Bulk wine 'hurting industry'

By   2012-4-18 10:13:59

Wine tanksThe New Zealand wine industry's lack of teamwork is causing growing pains, despite significant growth over the past two decades, according to the latest ANZ Agri-Focus report.

New Zealand's unbranded bulk wine exports had the potential to dominate the country's supply and undermine the reputation and price of bottled wine, as seen in Australia, the report said. Without significant industry collaboration, the New Zealand wine industry faced a similar future.

Among the suggested remedies were a reduction in bulk wine sales, and directing the majority of New Zealand's product towards super-premium markets where high margins could balance the country's high production costs.

New Zealand Winegrowers (NZW) chairman and Marlborough grapegrower Stuart Smith said many opportunities for collaboration were available, but many smaller wineries were happy operating independently.

Collaboration offered more scale for a better return, he said. Less supply this year due to poor flowering meant most of the industry would be financially better off. Bulk wine had been a valuable tool in previous years of surplus, but this year's low yields and tonnage meant it was "out of the equation".

Most of the country's wine production was premium, and this was where the industry needed to focus. "Growing high margin sales – that's where the profit is," Mr Smith said. "Things are changing."

Growing premium wine sales, or wine that sold for more than $15 a bottle domestically, was the priority in the next few years.

Tiki Wines owner Royce McKean said NZW was hamstrung by representing the needs of two different groups in the industry – independent grape growers and wineries.

Managing supply through distributing information was vital for moving the industry forward to avoid situations such as the oversupply experienced over the past two years. However, NZW did not have the ability or authority to implement this, he said.

"It's been a buyer's market, which is not good for a small, boutique wine producing country like New Zealand."

NZW required a split so that each group within the organisation had a separate voice and were served in their best interests, he said. "With everyone acting independently, the effect is the average price they get goes south."

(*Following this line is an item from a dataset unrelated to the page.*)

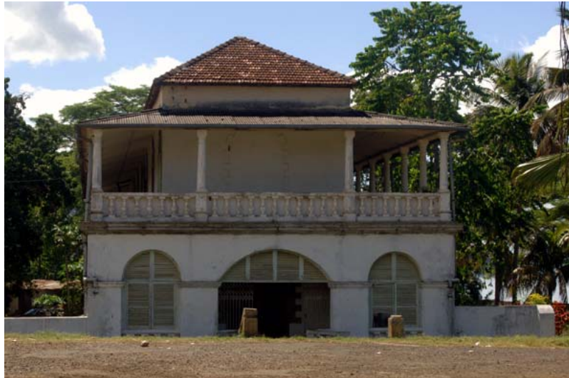
Ehemalige herrschaftliche Villa
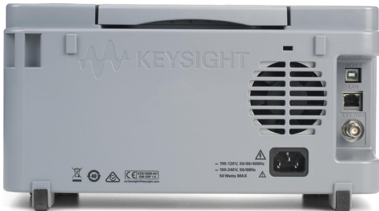
Рисунок 2 – Общий вид осциллографов цифровых DSOX1204G. Вид сзади

New Zealand's high production costs meant it could never hope to match the production scale of major wine producing areas such as France or South Africa. The industry needed to focus on sustainability and profitability rather than growing sales, he said.

Bladen Wines co-owner Dave Macdonald disagreed that the industry was facing a lack of collaboration.

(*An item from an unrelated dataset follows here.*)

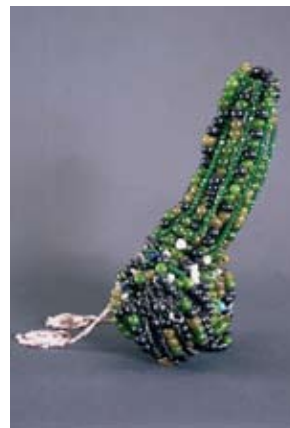
Bruno Pélassy, Sans titre ( Bye Bye Jeff ), 1998 Pâte de verre, cristal, cornaline, perles de verre, fil et tiges métalliques, fil de coton, plastique 22 x 24 x 37 cm Collection Paulette et Roger Pélassy

Entre la fin du 18 e siècle et la fin du 19 e siècle, les artistes utilisent différentes stratégies pour dissimuler le sexe masculin. Sur le corps des héros nus, un ruban, un drapé ou une épée seront intentionnellement placés devant les organes génitaux. Le 20 e siècle est marqué par la domination masculine et une certaine libération des mœurs. Sans parler de réelle exhibition, certains artistes se sont attachés à reproduire les verges en érection, qu'il s'agisse d'Egon Schiele dans ses Nus autoportraits (1914-1915) ou de Jean Cocteau à travers ses dessins érotiques pour l'ouvrage Querelles de Brest (1947) de Jean Genet. Des artistes contemporains ont également attribué une place de choix au pénis dans leur œuvre : Gilbert & George, Sarah Lucas, Paul McCarthy ou Robert Mapplethorpe.

"It's exactly where the industry has been trying to get to since 2007."

NZW had been a constant and effective source of support since Bladen Wines was set up in 1989, he said. Withdrawal of financial support from banks was the biggest threat the company faced.

 EXPORT STATS FOR NZ WINE

Total exports have now hit $1 billion and total sales are $1.5 billion.

The 2010-11 sales data shows exports made up 70 per cent of sales, compared to 10 years ago when it was 32 per cent.

Australia, Britain and North America were the fastest-growing destinations over the past 10 years. They total 87 per cent of exports by volume, and 79 per cent by value.

New Zealand Winegrowers has forecast growth in export markets beyond 2012 at about 5 per cent a year, mainly driven by growth in Asian and North American markets.